En días grises, tal vez el mejor antídoto contra ese cielo de ceniza sea leer un poco de poesía. Aprovecho la estancia en mi tierra para comprar, de una tacada, tres poemarios de otros tantos autores zamoranos: “Los paréntesis imantados” (Jesús Losada), “La mar inmóvil” (Ángel Fernández Benéitez), “La conspiración del dolor” (Máximo Hernández). Tres poetas cuya manera de componer versos quizá no tenga nada que ver entre sí, pero que yo reúno en este texto porque compré sus últimos libros al mismo tiempo y porque quise leerlos en el mismo día. He dicho que la escritura de cada uno no guarda relación con la de los otros. ¿Es eso cierto?

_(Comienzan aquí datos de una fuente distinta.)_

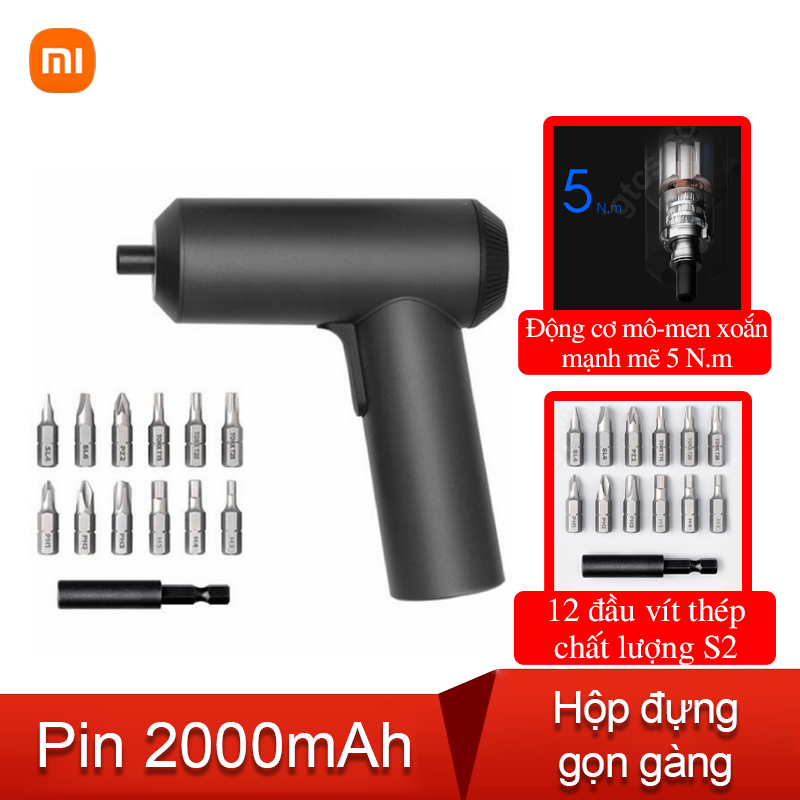 Máy bắn vít điện cầm tay Xiaomi Mijia kèm 12 đầu vít cao cấp 3.6v MJDDLSD001WQ, thiết kế đơn giản mà tinh tế, có 12 đầu vít thép S2 chất lượng cao, pin dung lượng lớn với 2000mAh…

No del todo. Para empezar, los tres parten, al menos en estos últimos poemarios, de Claudio Rodríguez. Si alguien no lo advierte, ellos lo dejan claro: Jesús en una de las dedicatorias, Ángel y Máximo en las citas escogidas. La huella de Claudio sigue viva en sus discípulos. Pero prosigamos: a los tres, amén de otras cuestiones, les preocupa la luz. En los tres poemarios se habla de la luz, de las sombras que crea, de los amaneceres y los crepúsculos. La luz que nos alivia y condena al mismo tiempo. Los tres se asemejan en que su poesía no resulta lectura fácil: hay que releer, indagar, intuir las metáforas y sus significados, meditar cada poema. O también resta la otra opción, muy adecuada para leer poesía: dejar que te empape, que fluya dentro y fuera de uno aunque no entendamos sus mensajes, sentir su belleza y la armonía que ellos tejen con las palabras.
En “Los paréntesis imantados” se nos habla no sólo de la luz, sino también, y sobre todo, del amor y la pasión. Amor entre cuatro paredes, con cáscaras de fruta en la mesilla y el sol del alba filtrándose por las rendijas de la persiana para iluminar los cuerpos de los amantes. Amor que va pisando el tiempo, que va consolidándose en un escenario de colchones, amaneceres y noches que succionan la sangre como si fueran terribles arañas. En esos paréntesis viven y mueren los amantes, encerrados en paredes que se atraen y los encierran. En “La mar inmóvil”, no haría falta decirlo, se habla del mar o la mar, pero como escenario para el amor, para dos amantes que se separan y vuelven a juntarse, en páginas donde habita el lenguaje preciso de la navegación, la nostalgia por los horizontes lejanos cuando los amantes están juntos y por la amada cuando el marino está mar adentro, junto a sus hombres y junto a la espuma de las olas. En los ojos de la amada tejerá canciones que remitan a esa mar callada y serena. En “La conspiración del dolor” se hace un recuento de algunos personajes célebres y no tan célebres que sufrieron locura, amputaciones, enfermedades y ejecuciones a punta de pistola; las páginas dedicadas a la madre que se consume en la habitación de un hospital resultan duras, estremecedoras. El dolor conspira y nos despierta, se conjura en cada uno de nosotros, nos consume y agota, se aprovecha de nuestra debilidad.
Jesús Losada culmina su poemario con la extinción, que marchita la belleza y deja un poso frío de soledades en el cuarto: “Ahora la belleza / se aloja / en el triste imperio de la muerte / donde azota el viento / y se quiebra el espejo”. Ángel Fernández, con la vuelta a tierra del hombre, que permanece al lado de ella, para soñar juntos con los horizontes: “En tus ojos que nunca me abandonan / y son pozos de olvido, / voy a dejar que lluevan los monzones / y germinen bancales de ternura”. Máximo Hernández, con la aceptación: “Dolor, fruta del tiempo, / aranera herramienta / para unir a los hombres: / en tu amarga victoria, / en tu abrazo vacío, / todos nos hermanamos; / en tu tramposa historia / se engendra la palabra, / se reconoce el hombre”.